Obama and primary candidates kept each other at arm's length
Wednesday, May 19, 2010
In fact, Obama mostly held the candidates at arm's length.
It was in keeping with his pattern as president -- largely distancing himself from Democratic candidates and declaring early on that there is little meaning to be found in isolated off-year elections. In race after race, the wariness has been a two-way street, with candidates reluctant to bring in a president with mediocre approval ratings and the White House reluctant to link him too closely to a potential loser.
The White House arguably had its hands tied in the races that were decided on Tuesday night. Obama was all but required to endorse Arlen Specter (Pa.) after the senator switched parties to become a Democrat and voted to support several of the president's initiatives, including the health-care overhaul. But the White House viewed Specter as a problematic candidate in the Democratic primary -- a former longtime Republican, and worse, one that his opponent cast as an opportunist -- and exhibited caution in sending the president to help (Obama went once).
Similarly, in Arkansas, a state Obama lost and where his approval ratings are low, local operatives wanted him only in small doses. He recorded a radio ad for Sen. Blanche Lincoln that was targeted at the large African American communities in the Memphis media market. But he never visited, and although that was at the campaign's request, it also signaled the measured approach of the administration, several strategists inside and outside the Obama operation said.

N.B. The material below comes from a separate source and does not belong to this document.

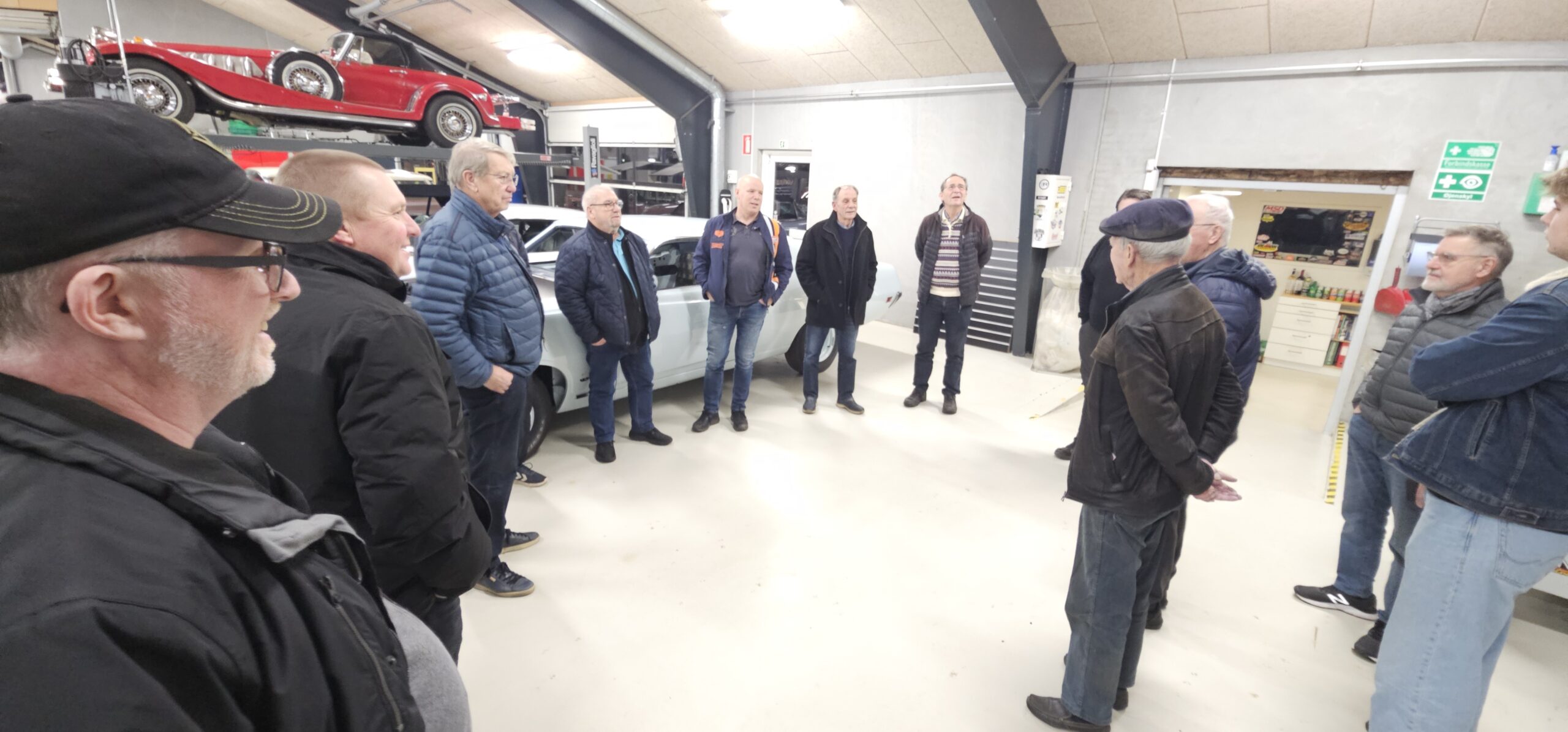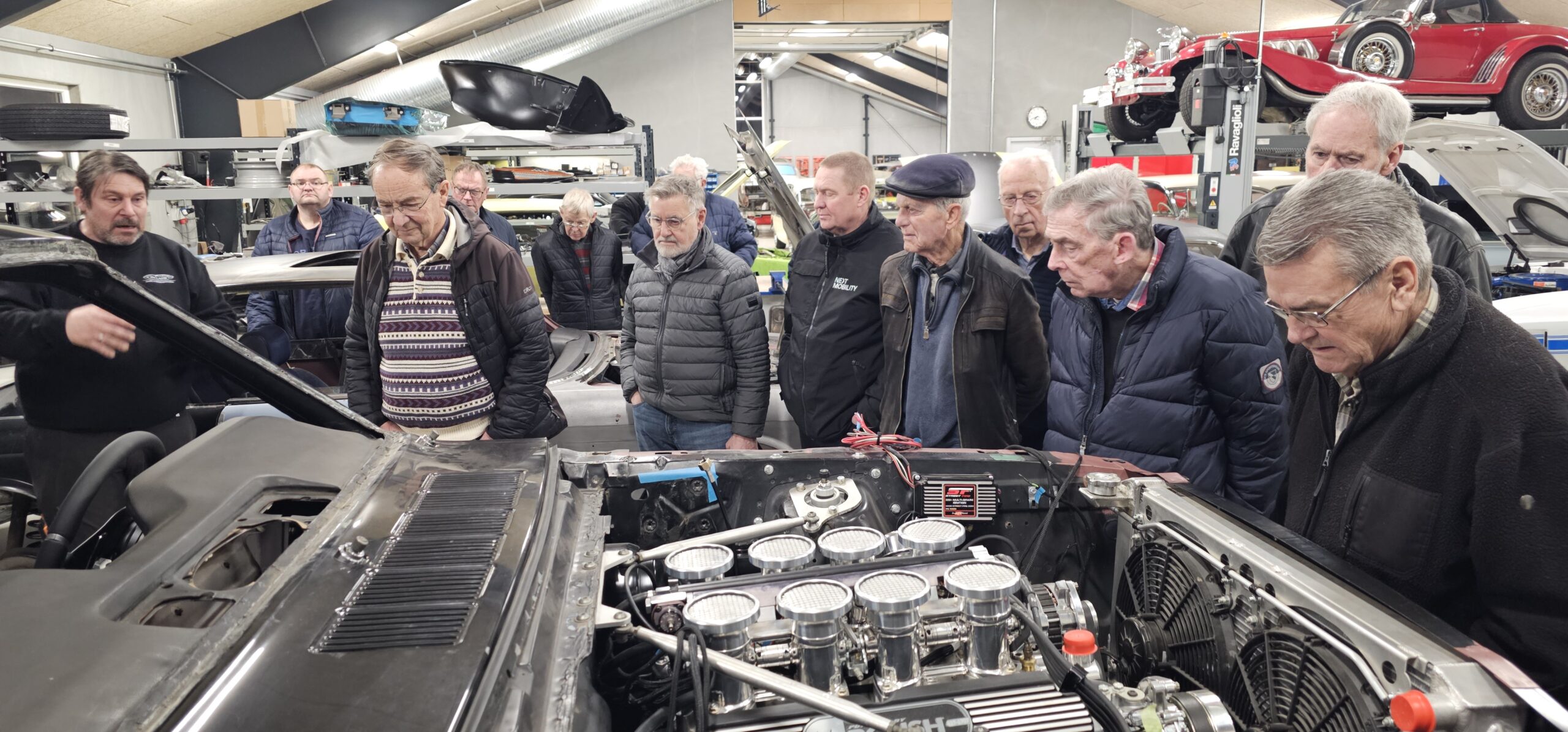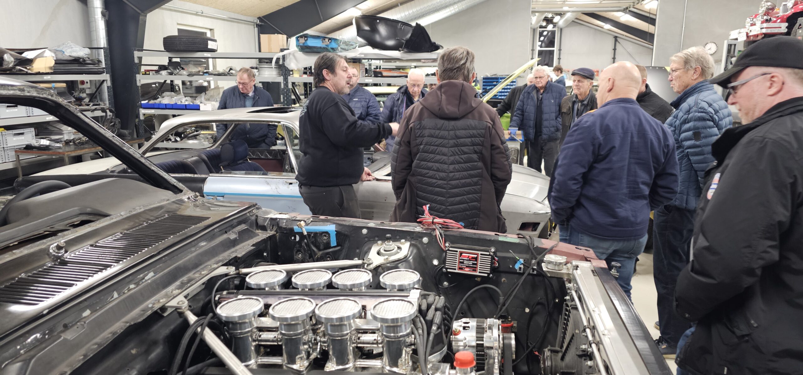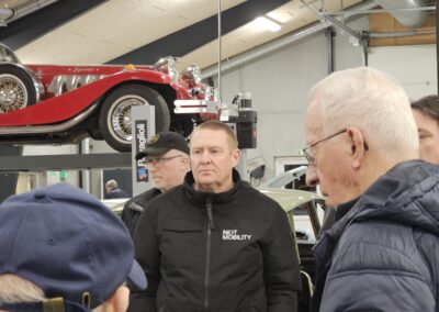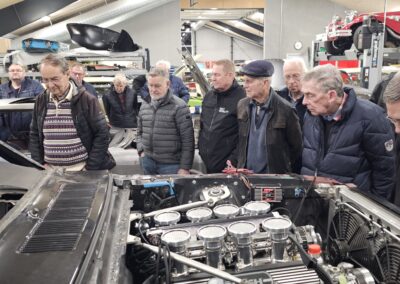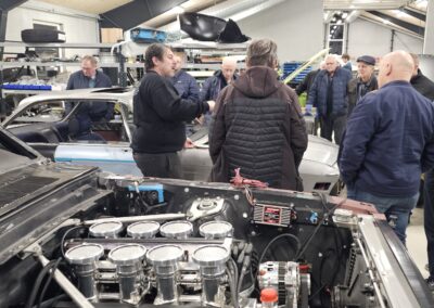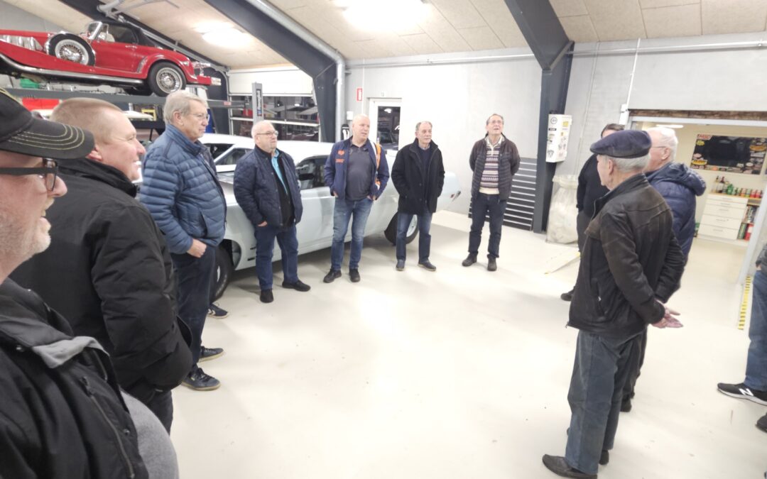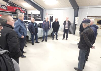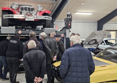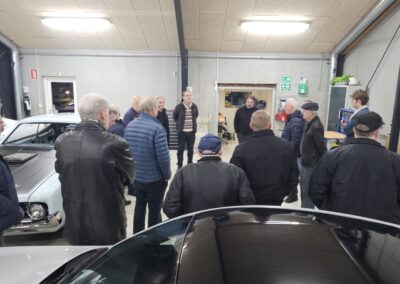 Under rundvisningen var der mulighed for at komme tæt på flere spændende biler og motorprojekter, og der blev stillet mange spørgsmål. Snakken gik livligt blandt medlemmerne, og interessen var stor for både tekniske løsninger og restaureringsprincipper.

The president also did not get involved in the House race in Pennsylvania, a special election for the 12th Congressional District seat held by the late John P. Murtha and the one race that Democrats widely described as a bellwether for the November midterm elections.

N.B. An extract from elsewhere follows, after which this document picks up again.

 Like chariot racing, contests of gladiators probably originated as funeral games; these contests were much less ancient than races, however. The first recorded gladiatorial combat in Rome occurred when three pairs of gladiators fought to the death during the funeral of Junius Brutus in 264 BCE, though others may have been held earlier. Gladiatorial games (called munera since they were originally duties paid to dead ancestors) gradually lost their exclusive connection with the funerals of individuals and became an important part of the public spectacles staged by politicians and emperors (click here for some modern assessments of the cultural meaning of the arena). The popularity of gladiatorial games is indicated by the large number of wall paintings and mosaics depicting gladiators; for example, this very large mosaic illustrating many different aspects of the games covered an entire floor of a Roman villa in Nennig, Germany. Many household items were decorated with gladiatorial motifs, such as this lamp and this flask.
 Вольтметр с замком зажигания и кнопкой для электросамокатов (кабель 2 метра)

White House officials and analysts alike cautioned against overinterpreting Tuesday's results.
"The only one that makes any real difference in terms of the president is PA-12 -- and he didn't go," political analyst Charlie Cook said of Obama. "He didn't stick his neck out real far for Blanche. He didn't stick his neck out for Specter; he did the minimum. There were a lot of interesting races out there, but for the White House, the PA-12 is the only one that matters."
Two White House advisers agreed, saying the Pennsylvania House race was the only one that had, in the words of one, "the most potential to tell you about the fall" elections, because it pitted a Democrat against a Republican.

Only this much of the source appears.